Bloomberg News

Citigroup Awards Pandit $3.7 Million Bonus as Profit Climbs

January 23, 2012

(Updates with shares in penultimate paragraph)

Jan. 20 (Bloomberg) -- Citigroup Inc., the third-biggest U.S. bank by assets, awarded Chief Executive Officer Vikram Pandit about $3.7 million in stock as the firm reported a 6.4 percent increase in full-year profit.

The bonus was among shares the New York-based lender awarded this week to 12 executives, whose grants were described in regulatory filings yesterday. The awards had a total value of almost $25 million, based on the closing price of the shares on Jan. 17, when Citigroup posted 2011 net income of $11.3 billion, Pandit’s second profitable year as CEO.

The award is the latest payout for Pandit, 55, since the bank returned to profitability. Last year, when Citigroup shares slid 44 percent, he received a base salary of $1.75 million and a retention plan that could be valued at more than $40 million. In July, he received the remaining $80 million of the $165 million that Citigroup owed him from the bank’s 2007 buyout of his Old Lane Partners LP hedge fund.

“We made solid progress in 2011,” Pandit said in a statement announcing fourth-quarter results. “We are increasingly focused on driving earnings through our core franchise and beginning to return capital to our shareholders this year.”
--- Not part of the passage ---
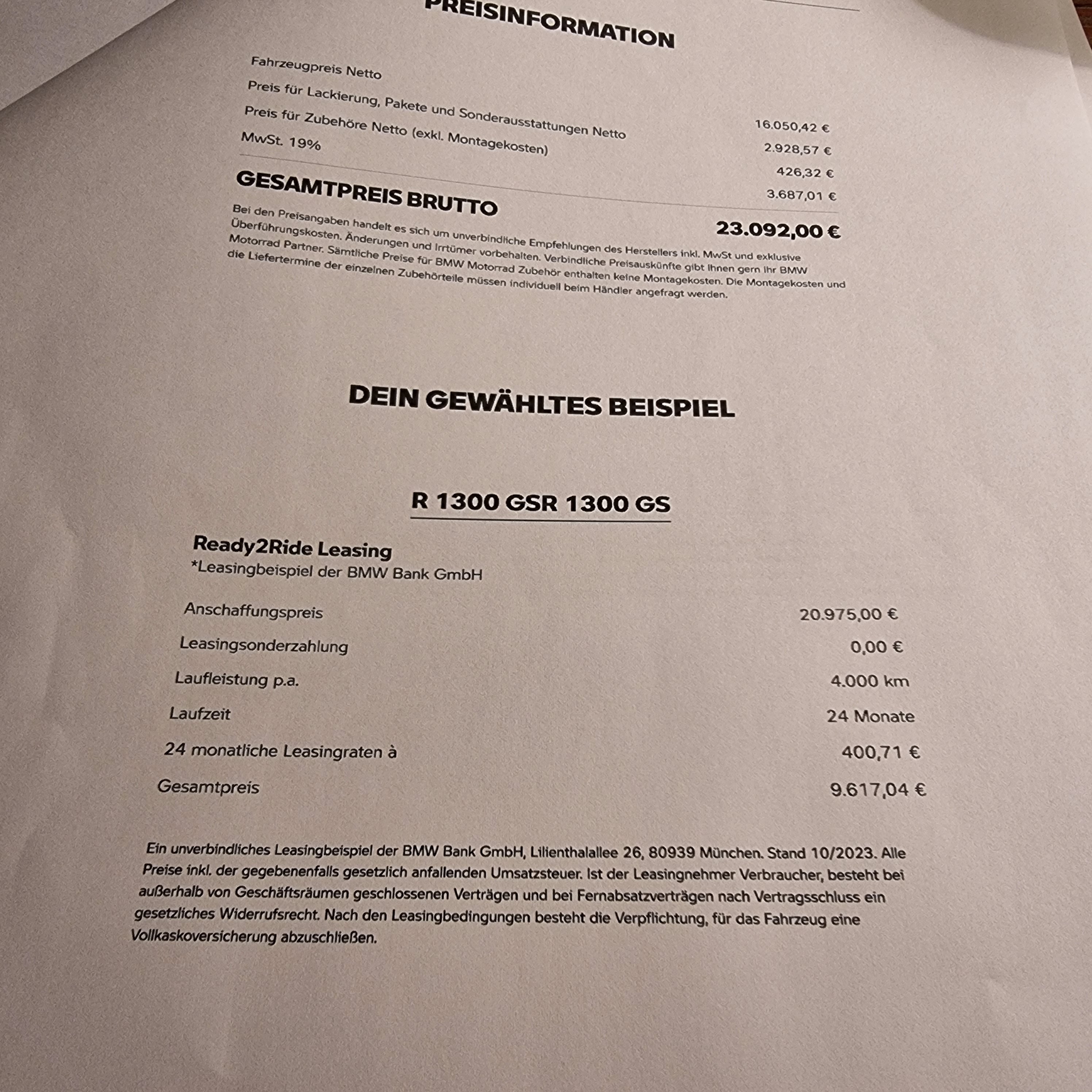€9600,- für 8000km?Jupp, Leasingangebot für zwei Jahre mit 4000 km p.a. = 400 Euro pro Monat.

Chief Operating Officer John Havens received an award valued at $3.47 million while consumer-banking boss Manuel Medina-Mora’s award was $2.64 million, the filings show. Chief Risk Officer Brian Leach’s award was $2.36 million.

Corbat, Callahan

Michael Corbat, who was appointed head of the bank’s operations for Europe, Middle East and Africa in November, received shares valued at $2.08 million, as did Don Callahan, the bank’s chief administrative officer.

Pandit is cutting 5,000 jobs and seeks to cut as much as $3 billion from the bank’s expenses this year as he seeks to control costs. Sales at the company’s investment-banking and trading operations, overseen by Havens, declined for the year amid investor concern that the most indebted European nations could default.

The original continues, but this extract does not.